The powder containing the copolymer 1 produced according to the present invention has an average particle size of preferably 1 μm or more, more preferably 10 μm or more, still more preferably 20 μm or more, and preferably 20 μm or more, from the viewpoint of ease of powdering. It is 90 μm or less, more preferably 80 μm or less, still more preferably 70 μm or less.

The powder containing the copolymer 1 produced according to the present invention may have a median diameter (D50) of 1 μm or more, further 25 μm or more, further 50 μm or more, and 90 μm or less, further 80 μm or less, further 70 μm or less. The median diameter (D50) uses a laser diffraction / scattering particle size distribution measuring device LA-300 (manufactured by Horiba, Ltd.) and ethanol (ethanol (95), manufactured by Fujifilm Wako Pure Chemical Industries, Ltd.) as a dispersion medium. It was measured without ultrasonic irradiation.
Further, in the powder containing the copolymer 1 produced by the present invention, the proportion of particles having a particle size of 1 μm or more and 250 μm or less may be 90% by mass or more, further 95% by mass or more, and 100% by mass or less. .. This ratio is determined by using a laser diffraction / scattering particle size distribution measuring device LA-300 (manufactured by HORIBA, Ltd.) and ethanol (ethanol (95), manufactured by Fujifilm Wako Pure Chemical Industries, Ltd.) as a dispersion medium. It was calculated based on the result of the particle size measured under irradiation.
Further, the powder containing the copolymer 1 produced according to the present invention has a median diameter (D50) of 1 μm or more, further 25 μm or more, further 50 μm or more, and 90 μm or less, further 80 μm or less, further 70 μm or less. The proportion of particles having a particle size of 1 μm or more and 250 μm or less may be 90% by mass or more, further 95% by mass or more, and 100% by mass or less. These median diameters and ratios are also measured and calculated by the same method as described above.

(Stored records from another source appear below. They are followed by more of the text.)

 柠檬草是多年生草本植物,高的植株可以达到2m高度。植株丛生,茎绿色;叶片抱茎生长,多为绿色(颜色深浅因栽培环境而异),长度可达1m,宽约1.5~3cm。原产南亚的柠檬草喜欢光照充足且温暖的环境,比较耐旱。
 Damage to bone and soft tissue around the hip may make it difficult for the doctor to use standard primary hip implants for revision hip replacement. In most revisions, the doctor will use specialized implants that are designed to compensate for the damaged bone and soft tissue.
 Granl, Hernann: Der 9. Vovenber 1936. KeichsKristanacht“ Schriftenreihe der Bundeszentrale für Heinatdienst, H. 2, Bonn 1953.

From the viewpoint of ease of powdering, the powder dispersant composition for a water-hardening composition produced by the present invention contains the copolymer 1 in an effective content of preferably 80% by mass or more, more preferably 90% by mass. The above, and preferably 100% by mass or less, more preferably 95% by mass or less. The powder dispersant composition for a hydraulic composition produced by the present invention may be composed of the copolymer 1.

The powder dispersant composition for a hydraulic composition produced by the present invention can contain components other than the copolymer 1. For example, it can contain a powdering aid. Examples of the powdering aid include inorganic powder. Examples of the inorganic powder include silicon oxide, a salt of silicon oxide, and a carbonate. Further, an organic powder such as polyethylene glycol can also be used. When the powdering aid is contained, the content thereof is preferably 1% by mass or more, more preferably 5% by mass or more in terms of effective content with respect to the copolymer 1 from the viewpoint of easiness of powdering. The content is preferably 40% by mass or less, more preferably 20% by mass or less. The powder dispersant composition for a water-hard composition produced by the present invention may consist of the copolymer 1 and the powdering aid.

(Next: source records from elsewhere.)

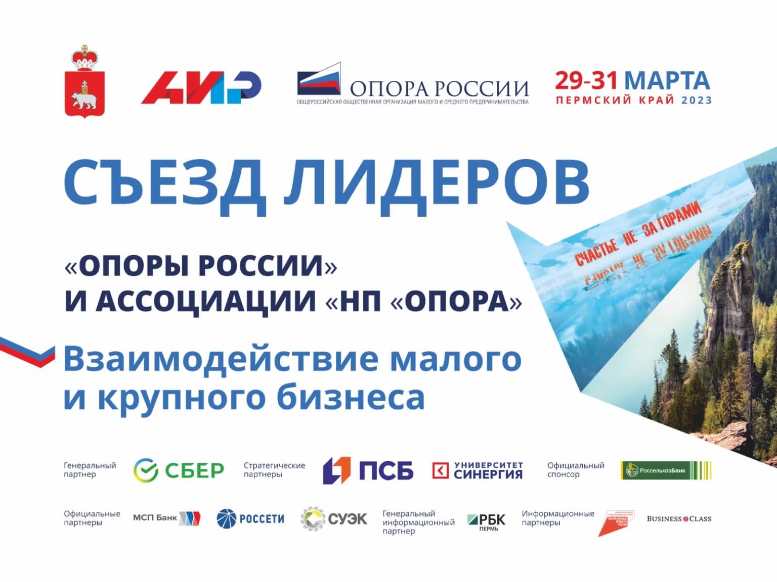 27.03.2023В Перми состоится Съезд лидеровС 29 по 31 марта в Перми состоится Съезд лидеров «ОПОРЫ РОССИИ» и Ассоциации «НП ОПОРА», на котором соберутся представители федеральных и региональных органов власти, актив бизнес-объединения, члены региональных отделений Организации, а также отраслевых ассоциаций и союзов. В рамках деловой программы будет затронут широкий круг тем, актуальных для представителей сектора МСП: взаимодействие крупного и малого бизнеса, продвижение товаров на маркетплейсах, защита прав предпринимателей и многое другое.29 марта: что ждет участников первого дня Съезда лидеровНа площадках Съезда лидеров пройдут несколько разноформатных мероприятий — от пленарного заседания, в котором примет участие Губернатор Пермского края Дмитрий Махонин, до параллельных дискуссий, которые будут посвящены важным в новых реалиях вопросам.Темой пленарного заседания, которое промодерирует Президент «ОПОРЫ РОССИИ» Александр Калинин, станет «Взаимодействие крупного и малого бизнеса в промышленности. Эксперты расскажут о лучших практиках сотрудничества крупного бизнеса с субъектами МСП; федеральных и региональных инструментах содействия их кооперации; мерах для построения эффективного взаимодействия в том числе в рамках Нацпроекта МСП и др. В качестве спикеров выступят: замминистра экономического развития РФ Татьяна Илюшникова, замруководителя фракции «Единая Россия» в Госдуме РФ Сергей Морозов, генеральный директор АО «Корпорация МСП» Александр Исаевич, Первый вице-президент «ОПОРЫ РОССИИ» Марина Блудян, генеральный директор Платформы для работы с обращениями предпринимателей «ЗаБизнес.РФ» Элина Сидоренко и др.При участии Губернатора также пройдет финал региональной премии «Бизнес-Успех» в Пермском крае и награждение ее участников.В рамках параллельных сессий эксперты поднимут самые разные темы, которые волнуют представителей сектора МСП. Так, на площадке дискуссии «Маркеплейсы. Преимущества и проблемы. Проект «ОПОРА-СТАРТ» руководитель проекта «ОПОРА-СТАРТ» Олеся Соловьева, директор по развитию сервисов Wildberries Кристина Спирева, GR-директор «Яндекс Маркета» Дмитрий Русаков и другие эксперты поделятся преимуществами взаимодействия предпринимателей с маркетплейсами, на что обращать внимание при работе с ними, как небольшим предпринимателям продавать свою продукцию в сетях, а также уникальными условиями для членов бизнес-объединения.Сессия «Промышленный МСП: вызовы и возможности» будет посвящена дефициту кадров в промышленности, потенциалу и барьерам для инновационных разработок производителей МСП, развитию офсетных контрактов, примерам использования IT-сервисов промпредприятиями для экономии ресурсов и др. Мероприятие пройдет под модераторством Вице-президента Ассоциации «НП ОПОРА», Председателя Комитета «ОПОРЫ РОССИИ» по промышленности Максима Третьякова. В качестве спикеров выступят: руководители профильных Комитетов Новосибирской и Челябинской «ОПОРЫ РОССИИ» Евгения Чавкина и Павел Золотов, директор ООО «Е-Металл» Денис Харламов, директор ООО «Уральский завод автоматики» Сергей Кашигин и др.О транспортной реформе в Перми, опыте Пермского края в борьбе с нелегальными перевозчиками, развитии сети заправочных станций, работающих на природном газе, реализации нацпроекта «Безопасные кач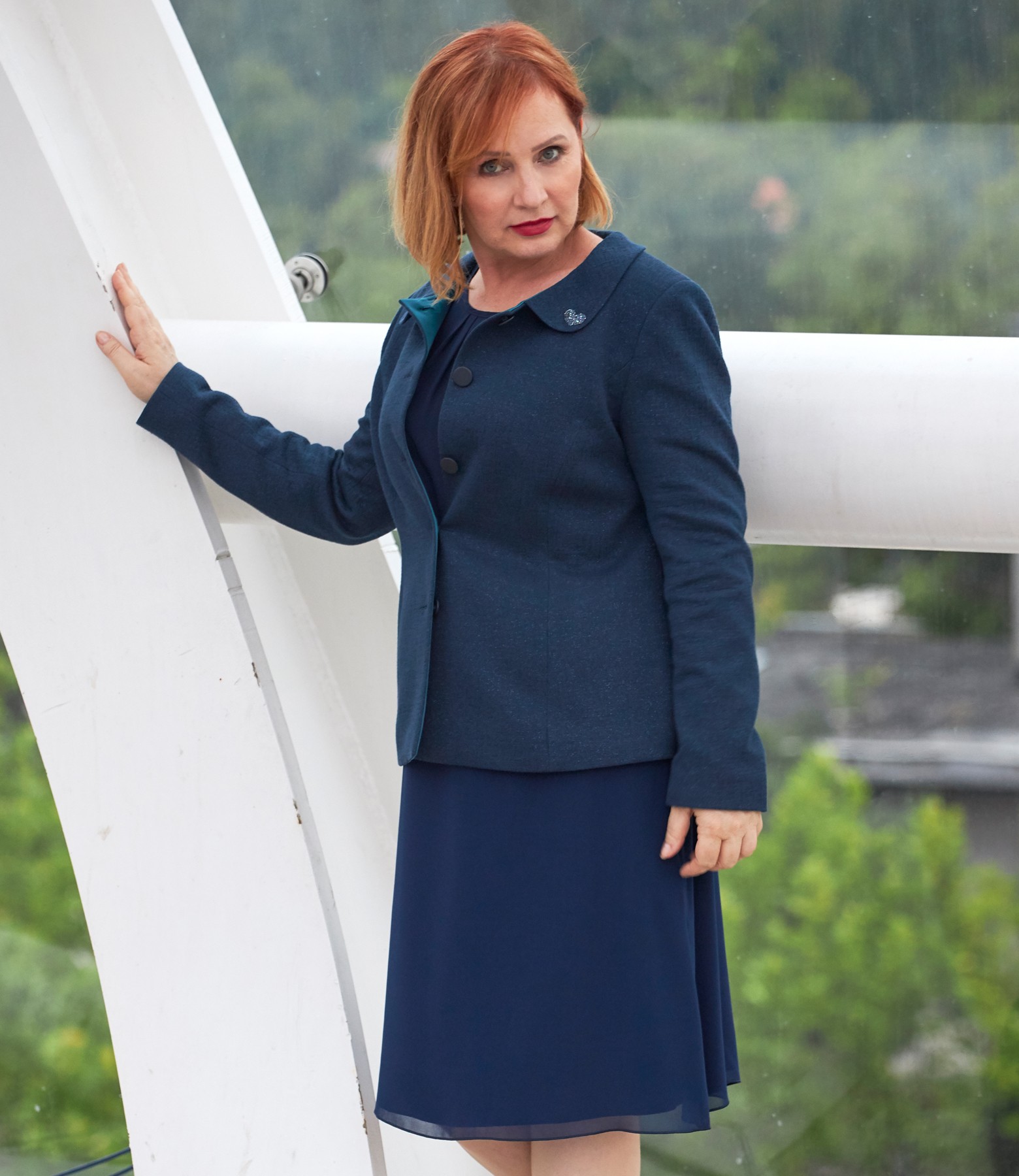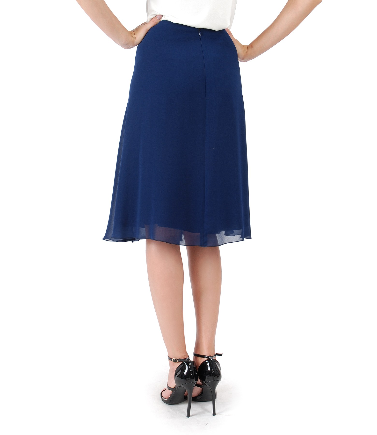 Fusta semiclos din voal uni, dublata cu viscoza. Se inchide cu fermoar ascuns pe mijloc spate.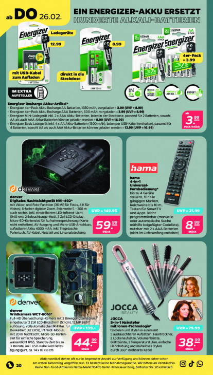 Bitte beachten Sie, dass dieser Text automatisch generiert wird und möglicherweise Fehler enthältEIN ENERGIZER-AKKU ERSETZT ab DO 26.02. HUNDERTE ALKALF-BATTERIEN pack AA zer Ladegeräte 600mAn 8 B50mAh Energ arch je enen SPA AAA nergizef zer 12.99 En ouate Vs, 8.99 zor 455 BE ae 4er-Pack i fau = 3.99 il) IR IR A Ale mit USB-Kabel - Ep h zum Aufladen Steckdose Bi ebde = io nn En HAUT renner IM EXTRA Er N AUFSTELLER ME weder 5 LL AUDI € jizer Recharge Akku-Artikel* Energizer 4er-Pack Akku Recharge AA Batterien, 1350 mAh, vorgeladen =3.99 (UVP = 8.99) Energizer 4er-Pack Akku Recharge AAA Batterien, 600 mAh, vorgeladen =3.99 (UVP = 8.99) Energizer Mini-Ladegerät inkl. 2x AAA Akku-Batterien, laden in der Steckdose, passend für 2 Batterien, sowohl ‚AA als auch AAA Akku-Batterien können geladen werden = 8.99 (UVP =16,99) Energizer Basis Ladegerät inkl. 4x AA Akku-Batterien (1300 mAh), laden per USB-Kabel (enthalten), passend für 4 Batterien, sowohl AA als auch AAA Akku-Batterien können geladen werden 12.99 (UVP =16.99) = 77 ap > zer 4 hama 4-in-1 Universal- ACAYCI Fernbedienung* Ka 5 bis zu 4 Geräte ML) denver steuern, für alle Digitales Nachtsichtgerät NVI. 192* ‚gängigen Marken, tama Reichweite bis 10 m, === mit Video- und Foto-Funktion (36 MP für Fotos, 4 K für Videos), 6-facher digitaler Zoom, Reichweite 5 -300 m Tasten für Smart TV ‚auch nachts, inkl. einstellbarem LED-Infrarot-Licht und Apps, leicht (940 nm), 2 Beleuchtungs-Modi, 3 Zoll LCD-Display, programmierbar (manuelle Micro-SD-Kartenslot für Aufnahmespeicherung (Karte oder automatische Suche nicht enthalten), AV-Ausgang und Micro-USB-Anschluss, mithilfe beigefügter Codeliste), ‚aufladbarer Akku 4000 mAh, inkl. Tragetasche, nutzbar mit 2x AAA Batterien Poliertuch, AV-Kabel, Netzteil und Linsenabdeckung (nicht im Lieferumfang enthalten) An è Ma N = 5, w 1 % 4 \ | | 54 } Ù denv al 4 denver JOCCA Wildkamera WCT-8016* Et dr BEAUTY \ Full-HD Überwachungs-Kamera mit 3 BewegUngssehsören,| JOCCA eingebauter 2 Zoll LCD-Bildschirm (5,1 cm), 12 MP Bild“? -in-1 Hairstyler auflösung, vollautomatischer IR-Filter für, mit Ionen-Technologie* Dunkelheit (42 LEDs), Infrarot- Modus Ka trocknen und stylen in einem mit mit 20 m Nachtsicht, Micro-SD-Karten- 5 austauschbaren Aufsätzen: Haartrockner, slot für einfache Speicherung, 2 Lockenaufsätze, Volumenbürste, wasserdicht IP65, Standby-Zeit bis zu Glättbürste, 3 Temperaturstufen, einfache 3 Monate, inkl. USB-Kabel und Befes- Handhabung und müheloses Stylen tigungsgurt, ca. 14x10x8cm durch 360 ° drehbares Kabel Aktionsartikel stehen oft nur in begrenzter Anzahl zur Verfügung und können daher schon ‚am ersten Aktionstag vergriffen sein. Es besteht keine Mitnahmegarantie. Wir bitten um Verständnis. d © @ zo Keine Non-Food-Artikel im Netto-Markt 10405 Berlin-Prenzlauer Berg, Belforter Str. 20 erhältlich.

Other components that can be contained in the powder dispersant composition for a water-hardening composition produced according to the present invention include, for example, a powder defoaming agent, a powder shrinkage reducing agent, a powder thickener, and the like. Examples of the powder defoaming agent and the powder shrinkage reducing agent include polyoxyalkylene glycol alkyl ethers. Examples of the powder thickener include cellulose derivatives such as hydroxypropylmethyl cellulose, hydroxyethyl cellulose, carboxymethyl cellulose and methyl cellulose. When a component selected from a powder defoaming agent, a powder shrinkage reducing agent and a powder thickener is contained, the content thereof is preferably 1% by mass or more, more preferably 1% by mass or more, in terms of effective content with respect to the copolymer 1. Is 5% by mass or more, preferably 40% by mass or less, and more preferably 20% by mass or less. Even if the powder dispersant composition for a water-hardening composition produced by the present invention comprises a copolymer 1 and a component selected from a powder defoaming agent, a powder shrinkage reducing agent and a powder thickener. good.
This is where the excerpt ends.